# Self Sufficiency/Living off the Land or Off the Grid > Fishing >  The Asians are taking over!

## Geronimo!

Guests can not see images in the messages. Please register in the forum.

Haha, jk. I'm talking about the Asian Carp population

http://www.prairiestateoutdoors.com/...lt_asian_carp/

For those of you unaware. The Asian Carp population has spread from the bottom of the Mississippi to the Illinois river which leads to the great lakes. The Army corp of Engineers put up an electrical barrier to keep them from spreading into the great lakes, but a few fish have been spotted past the barrier.

So, looks like without some action, the carp are going to reach lake Michigan fairly soon. If you fish lake Michigan at all, better start getting your lures ready for a new species. 
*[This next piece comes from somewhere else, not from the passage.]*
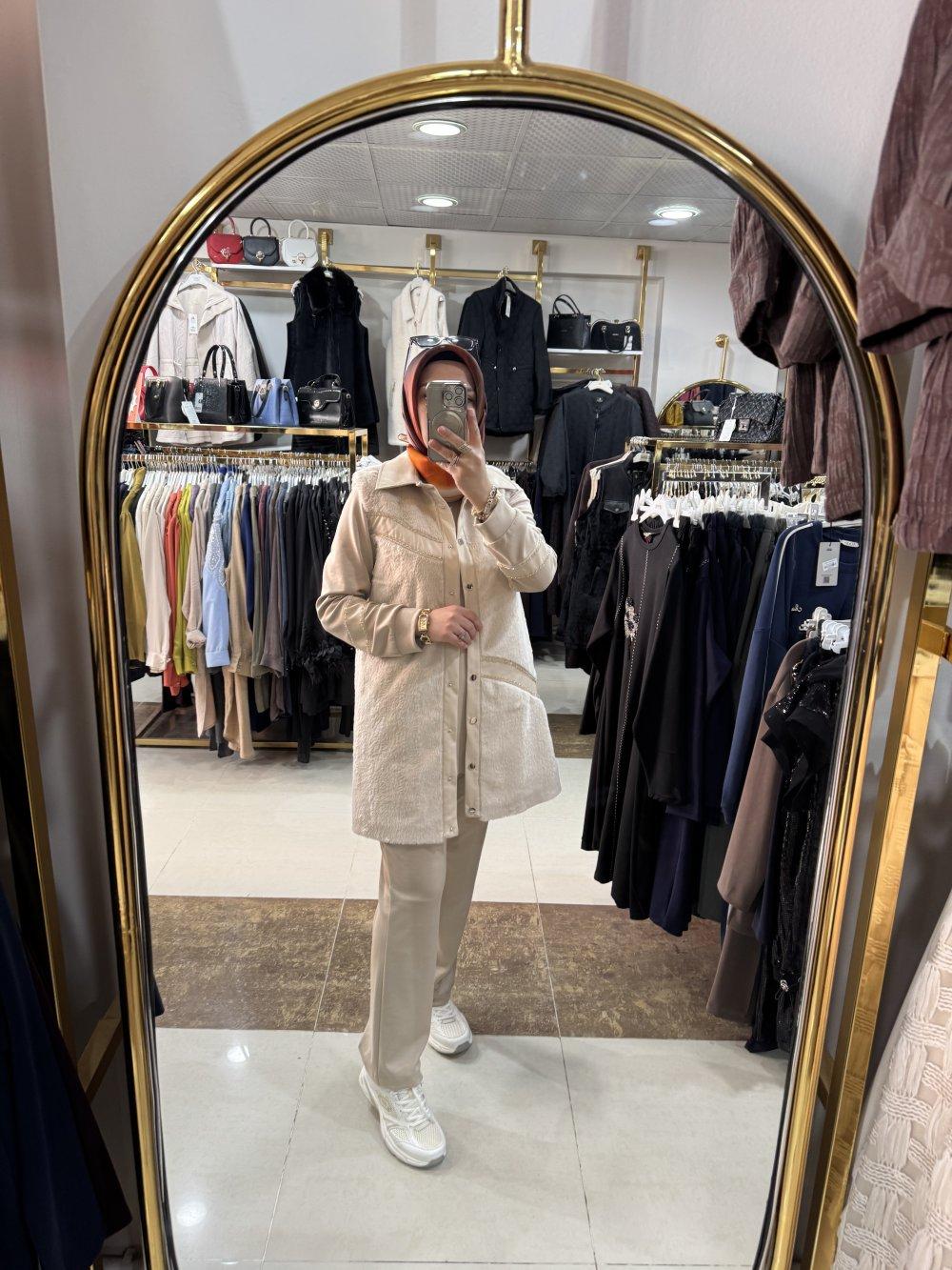 ANGORA DERİ DETAY YELEKLİ 3 LÜ TAKIM Bej
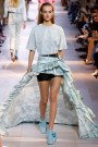 It was a super feminine collection even though lots of masculine influences could be seen. Like the sharp looking suits, the tough embossed leather jackets and the suit jackets (with black strips) worn with long evening gowns.

Side note - Has anyone ever eaten an Asian Carp? I hear they're edible, but bony.

----------


## Winnie

> Guests can not see images in the messages. Please register in the forum.
> 
> Haha, jk. I'm talking about the Asian Carp population
> 
> http://www.prairiestateoutdoors.com/...lt_asian_carp/
> 
> For those of you unaware. The Asian Carp population has spread from the bottom of the Mississippi to the Illinois river which leads to the great lakes. The Army corp of Engineers put up an electrical barrier to keep them from spreading into the great lakes, but a few fish have been spotted past the barrier.
> 
> So, looks like without some action, the carp are going to reach lake Michigan fairly soon. If you fish lake Michigan at all, better start getting your lures ready for a new species. 
> ...


Carp tastes like cr*p. It's very muddy but if it's it's purged in fresh water for a few days it's OK, and yes it's incredibly bony. Having said that, I certainly wouldn't turn my nose up at it if I was hungry.

----------


## Rick

I've eaten carp but I don't know if it was Asian or not. You know, deep fried, everything sort of gets obscured but carp isn't my first choice. The bones can be almost eliminated by slicing them about 1/4 inch through in two different directions then frying.

----------


## smhg

> Guests can not see images in the messages. Please register in the forum.
> 
> Haha, jk. I'm talking about the Asian Carp population
> 
> http://www.prairiestateoutdoors.com/...lt_asian_carp/
> 
> For those of you unaware. The Asian Carp population has spread from the bottom of the Mississippi to the Illinois river which leads to the great lakes. The Army corp of Engineers put up an electrical barrier to keep them from spreading into the great lakes, but a few fish have been spotted past the barrier.
> 
> So, looks like without some action, the carp are going to reach lake Michigan fairly soon. If you fish lake Michigan at all, better start getting your lures ready for a new species. 
> ...


I don't know about Asian Carp, but the old Erie Canal was the 'ditch' across from the house I grew up in and my dad would sometimes go get a carp or two to eat.  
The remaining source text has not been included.